Selon plusieurs analystes, la surévaluation des entreprises technologiques investissant massivement dans l’IA pourrait conduire à une explosion d’une bulle spéculative similaire au choc ayant secoué les marchés boursiers suite à l’éclatement de la bulle Internet.
- Au-delà des géants du secteur, l’économie américaine dans son ensemble — et, donc, par extension l’économie mondiale — est tirée vers le haut par l’IA : selon le cabinet d’études Tracxn, les États-Unis comptent 7 000 entreprises spécialisées dans l’intelligence artificielle, dont 1 000 ont bénéficié d’un financement de série A 5.
- Tous ces investissements se font au détriment d’entreprises et start-ups spécialisées dans d’autres domaines : PitchBook estime que les entreprises de l’IA ont reçu 65 % du capital versé par les investisseurs au cours du premier semestre de l’année 6.

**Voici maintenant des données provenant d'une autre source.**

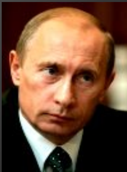
В.В.Путин Второй Президент РФ март 2000- май 2008 гг.;

Четвертый вступил в должность 7 мая 2012 г.

- Derrière les capitalisations boursières et divers financements se trouvent également des centaines de milliards de dollars dédiés à la construction d’infrastructures physiques permettant le développement de l’IA : centres de données, production et transmission d’électricité, semi-conducteurs, Cloud.
En-dehors de quelques signaux faibles susceptibles d’indiquer un remplacement de certains emplois par des algorithmes d’intelligence artificielle, il est impossible de mesurer à ce stade l’impact réel de l’IA sur l’économie. Les gains supposés de productivité restent quant à eux à prouver : le développement de l’informatique et l’essor d’Internet n’ont pas conduit à une hausse de la productivité — qui a ralenti depuis les années 1990 dans les pays de l’OCDE, passant d’une croissance d’environ 2 % par an à 0,8 % au cours de la dernière décennie 7.
S’il est impossible de savoir si l’IA constitue une bulle spéculative, on peut supposer que les conséquences seraient plus importantes encore que l’éclatement de la bulle internet au début du siècle.
- Pour cause : les 10 premières entreprises du S&P 500 sont encore plus surévaluées aujourd’hui qu’au cours des années 1990.
- Dans un papier publié en juin, l’économiste de Georgetown Dan Cao a développé un modèle théorique visant à comparer les dynamiques des deux bulles.
- Cao montre que les valorisations boursières n’ont pas chuté parce que les investisseurs ont soudain jugé Internet inutile, mais parce que les bénéfices économiques tardaient à se diffuser 8.
- Plutôt que les progrès technologiques de l’IA, c’est la vitesse de propagation — la rapidité avec laquelle les gains de productivité se sont répercutés sur le reste de l’économie — qui serait susceptible de conduire à un désintérêt des investisseurs, et, potentiellement, à un éclatement de la « bulle ».
Sources
- Aditya Challapally, Chris Pease, Ramesh Raskar et Pradyumna Chari, The GenAI Divide STATE OF AI IN BUSINESS 2025, MIT, août 2025.
- George Steer et Aiden Reiter, « US tech stocks hit by concerns over future of AI boom », Financial Times, 19 août 2025.
- Alex Heath, « I talked to Sam Altman about the GPT-5 launch fiasco », The Verge, 15 août 2025.
- Torsten Sløk, Tech Is Vulnerable, Apollo Global Management, 17 août 2025.
- « How America’s AI boom is squeezing the rest of the economy », The Economist, 18 août 2025.
- US VC Valuations and Returns Report, PitchBook, 11 août 2025.
- Christophe André et Peter Gal, Reviving productivity growth : A review of policies, OECD Economics Department Working Papers No. 1822, octobre 2024.
- Dan Cao, « Tech Booms : From Dot-Com To Dot-AI », SSRN, juin 2025.